Petra Cortright’s inaugural NFT is certified by Verisart, an award-winning blockchain certification platform. Designed to empower artists to tell the story of their work, the digital certificates include additional images, videos and documents. Cortright’s certificate includes an exclusive collector reward, accessible only to the owner of the certificate. For collectors, Verisart’s patent-pending Certificates of Authenticity (COA) form an integral part of collecting NFTs. They provide confidence in the identity of the artist and the verified history of the artwork.
A Digital Brain
Creating work that feels natural is important to the artist who believes in doing “what feels effortless and natural.” Working digitally suits Cortright who explains, “I have a digital brain. If I make a mistake, I need to be able to, with a flick of my wrist, delete it. If I do something good, I want to save every version of it for the rest of eternity in a thousand different formats…I want to be able to endlessly copy it, use it again and know how I do it… Working this way you can change your direction and the course of what the piece looks like so quickly, you can change the background, the color palette, everything is just endlessly flexible.”

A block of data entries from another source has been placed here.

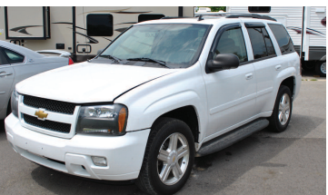
2008 CHEVY TRAILBLAZER LT 4WD, leather, tow pkg, nice AS LOW AS $199 A MONTH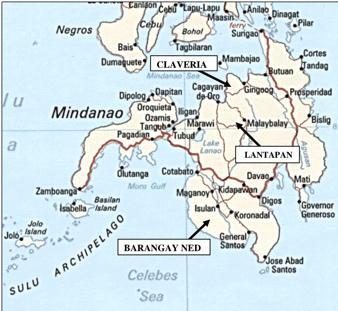
Fig. 1 Location of core Landcare sites in Mindanao, established between 1996 and 1999.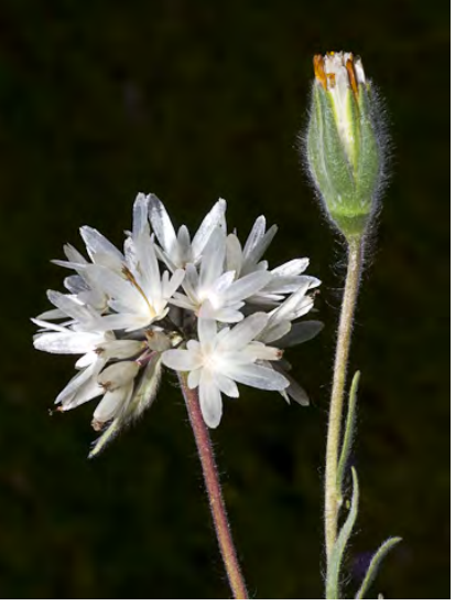
BLOW WIVES (Achyrachaena mollis) Native Annual - Sunflower Family - (Mar–Jun) - Common. Grassy sites, often clay soils - Plant 2-24" tall, soft-hairy. Flowers yellow turning red, 0.1-0.5" wide, extend < 0.1" beyond green bracts. Showy, flat scales attached to seeds.

Cortright plays with this endless flexibility of working digitally. “One of my favorite ways of using any software is in the way that it should not be used, it’s the most interesting way to deal with tech and social media,” she shares, “I’m very tongue-in-cheek in the way that I use technology and the way that I interact with it”. Her technique of painting in hundreds of superimposed layers in Photoshop is certainly a departure from what might typically be expected from a photo-editing software.
Digital meets Classical
Cortright’s practice centers around landscapes, portraits and still lifes. “I’m working with contemporary tools but very classical, simple ideas about the subject matter and I’m fine with that”, she says. Cortright wants to create work that is accessible and sincere. “I think it is very honorable just to pursue beauty,” she states, “I’m concerned with having a practice that is long-term and I would like to make timeless works rather than topical works.”

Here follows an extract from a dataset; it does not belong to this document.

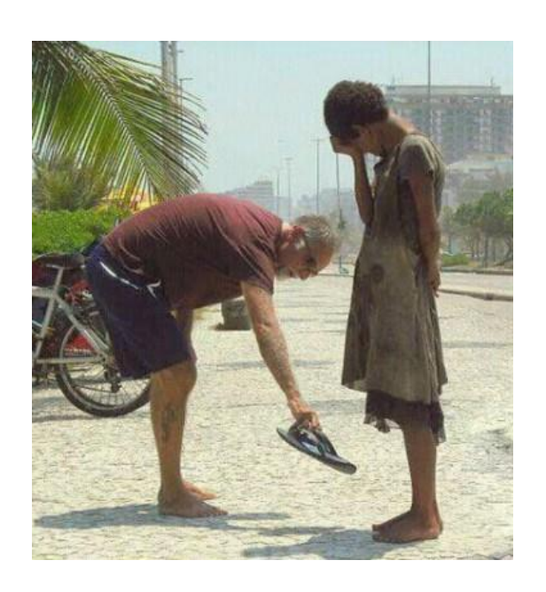
The man is giving his flip flops to the girl.

Bidding on SuperRare for Petra Cortright’s inaugural NFT, PC_Flower_Vase 001 closes at 1pm EST on March 11. Check out the artwork listing here.
About the Artist
PETRA CORTRIGHT (b. 1986, Santa Barbara, CA) is a contemporary artist whose practice stems from creating and manipulating digital files. Cortright’s work exists in many forms — printed physically onto substrates, projected onto existing architecture or remaining in the digital realm. A notable member of the ‘Post Internet’ movement of the mid-to-late-2000s with YouTube videos and online exhibitions, Cortright later began to laboriously paint digitally by creating layer upon layer of manipulated images in Photoshop. Cortright has been producing work natively online since 2002. Her work is in permanent collections at MoMA (New York), Pérez Museum (Miami), LACMA, Hammer Museum (Los Angeles), Moderna Museet (Stockholm), Stedelijk Museum (Amsterdam), MCA Chicago, Kadist Foundation (San Francisco), BAMPFA (Berkeley), San Jose Museum of Art (San Jose), Rhizome’s Net Art Anthology, and MOCA (Los Angeles).